Before they filed suit, NBBL president Louise Hainline and her fellow litigant, former deputy mayor Norman Steisel, explicitly acknowledged the merits of what would become the legal argument of their opponents. They knew the bike lane was not landmarked.
On August 2, 2010, Steisel wrote to Hainline with a suggestion [PDF]. If a distinguished architect or city planner could complain about the aesthetics of the lane to the Landmarks Preservation Commission, Art Commission and City Planning Commission, Steisel suggested, First Deputy Mayor Patti Harris might be persuaded to turn against it.
“Unfortunately, the lane is not in the Landmark District,” Hainline conceded later that evening.
Steisel agreed, but he recommended that NBBL push the issue anyway. “Doesn’t matter that landmarks has no jurisdiction they are kindered spirits along with art comm and cpc types,” Steisel wrote. “Bottom line need authorstive voice to say bloomberg legacy will be besmirched by altering this historic street.”
The following month, Hainline again stated that the street itself wasn’t landmarked. In a September 10, 2010 email to NBBL members, she forwarded a news clip about the expansion of the Park Slope historic district. “I thought these were particularly interesting,” said Hainline [PDF], “and in the first one, especially ironic due to the street between the park and PPW not being apparently under Landmarks jurisdiction/protection.”
NBBL Members Knew Time Might Run Out to File Their Lawsuit, and They Waited Anyway
When Brooklyn Supreme Court Judge Bert Bunyan threw out NBBL’s lawsuit, he cited a procedural issue. Article 78 lawsuits, the kind NBBL filed, carry a four month statute of limitations. Since the bike lane was installed in June 2010, opponents had until November to file suit, but they waited until March 2011 to do so. The bike lane opponents claimed that time had not run out because the project was a “trial,” and so the clock hadn’t started ticking in the summer.

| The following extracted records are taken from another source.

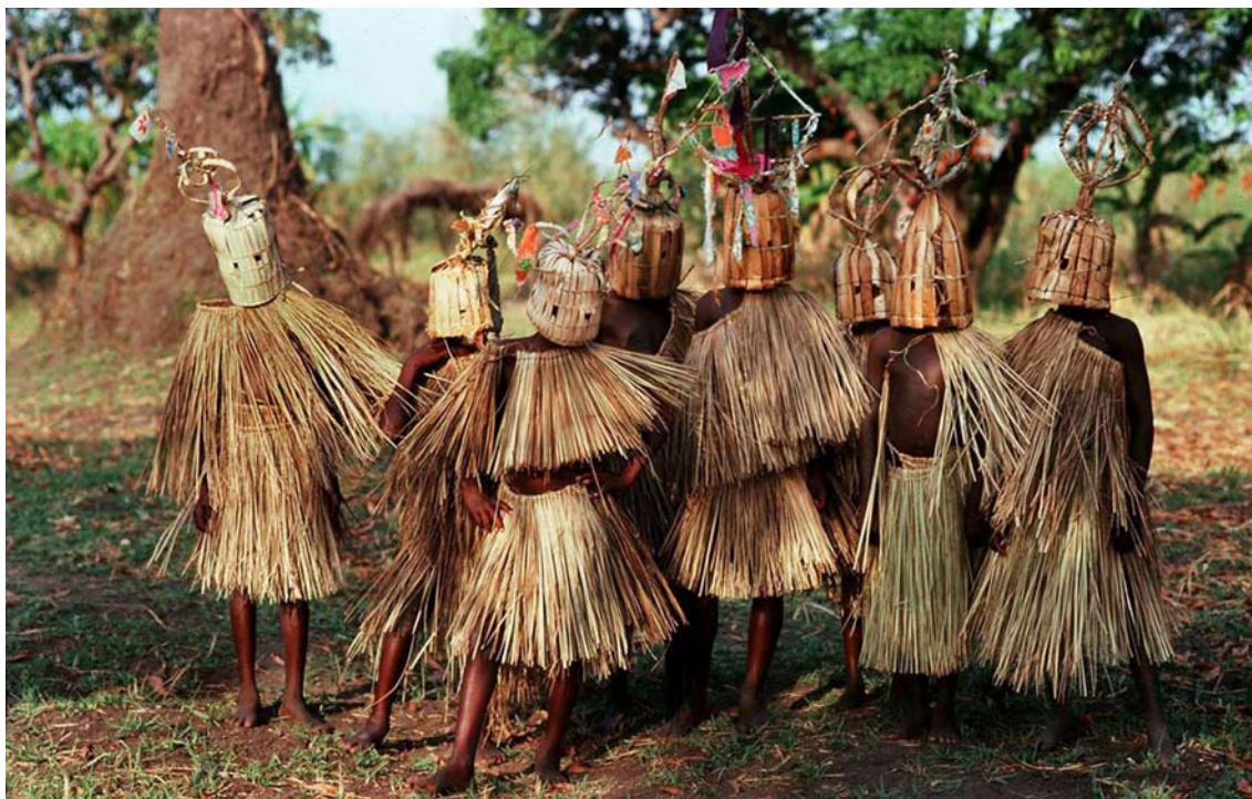
Εικ. 1. Φυλή Yao, Malawi: αγόρια 9-10 χρονών σε τελετή μύησης.

του όρου παιδί ή νέος ποικίλλουν ιστορικά, αλλά και σε συμβολικό-τελετουργικό επίπεδο (Van Gennep 1960, Warner 1959, 303). 2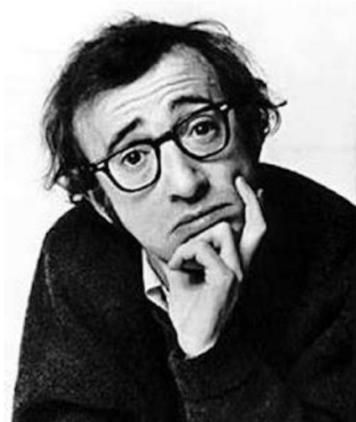
Figura 2.6 Woody Allen

Il regista, attore e sceneggiatore Woody Allen, nome d'arte di Allan Stewart Konigsberg, è uno dei più celebri umoristi contemporanei, ed è considerato “il più europeo” tra i registi statunitensi per il modo profondo e irriverente con cui affronta certe tematiche spinose.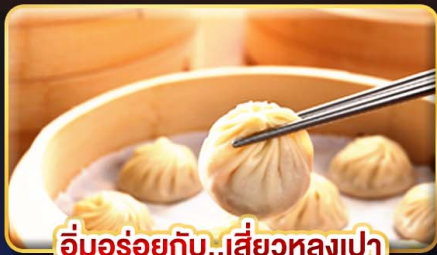
อึ้งอร่อยกับ..เสี่ยวหลงเปา

พิเศษ !! หม้อนึ่งจักรวาล, ไอศกรีม MIYAHARA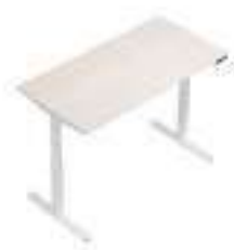
Composition 2 Dim : L. 160 x P. 80 x H. 65/130 cm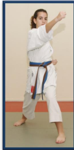
GYAKU URAKEN UCHI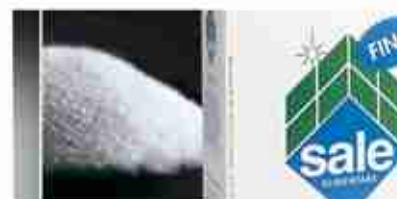
SALE FINO 1 KG A, conf. 1 Kg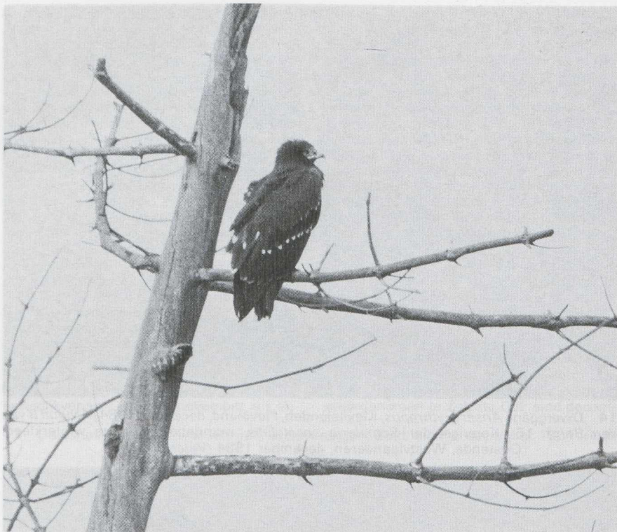
16 Schreeuwarend Aquila pomarina in juveniel kleed, Katwijk aan Zee, Zuidholland, november 1984.

ber zou een vrouwtje zijn gezien in de Braakmanpolder Z. Witoogenden A nyroca pleisterden onder andere op het Alkmaardermeer Nh van 21 tot eind oktober, te Halfweg van 30 oktober tot 6 november, te Minderhout A vanaf 15 november, te Lelystad Fl op 13 december en te Duffel A van 28 december tot 2 januari. Verrassend was de ontdekking van een mannetje Koningseider Somateria spectabilis in eerste winterkleed die vanaf 13 december te Oostende Wvl verbleef. Dit was het eerste geval voor België en het vierde voor de Benelux. Op 11 november vloog een Zeearend Haliaeetus albicilla over de Maasvlakte en op 29 en 30 december werd er een waargenomen in de Kievitslanden. Een juveniele Steppekiekendief Circus macrourus verbleef op 3 en 4 oktober op de

“The city is trying to avoid litigation on a technicality, which is based on a lie,” NBBL attorney Jim Walden told the New York Post in typically bombastic fashion this July. “After having told the public and various elected officials the bike lane was a trial project, the city now makes the incredible claim the lane was permanent all along, and that our suit was filed too late.”
Bunyan ruled against Walden, however, saying the project was in fact permanent and that the statute of limitations had passed. Again, prominent bike lane opponents knew about this weakness in their lawsuit ahead of time.
Jessica Schumer, a Yale Law School graduate studying for the bar exam at the time, advised NBBL in the summer of 2010, after which she moved to Washington D.C. to take a job with Larry Summers. Schumer sounded the alarm about the statute of limitations issue on July 1, 2010 [PDF]. “The NY court’s are very strict in their applicaiton of statute of limitations in Article 78 proceedings,” she wrote in an e-mail to her mother, Iris Weinshall, Louise Hainline, and a number of other NBBL members. “We need a lawyer to start drafting the motion ASAP.”
Schumer said she believed DOT was being ambiguous about calling the bike lane temporary or permanent. Filing the lawsuit immediately would clarify things, she argued. If the street redesign was permanent, NBBL wouldn’t miss their chance to sue; if it was not permanent, the Article 78 would trigger a response from DOT that would remove all doubt. (DOT’s Josh Benson had already set the record straight, however, when he publicly stated at a Community Board 6 hearing in April, 2010, that the bike lane was not a trial.) Schumer’s advice was sound and it seemed like NBBL had nothing to lose by suing the city right away. It was good legal advice, but for reasons that remain unclear, NBBL chose to wait until March to sue instead, and their suit was thrown out as a result.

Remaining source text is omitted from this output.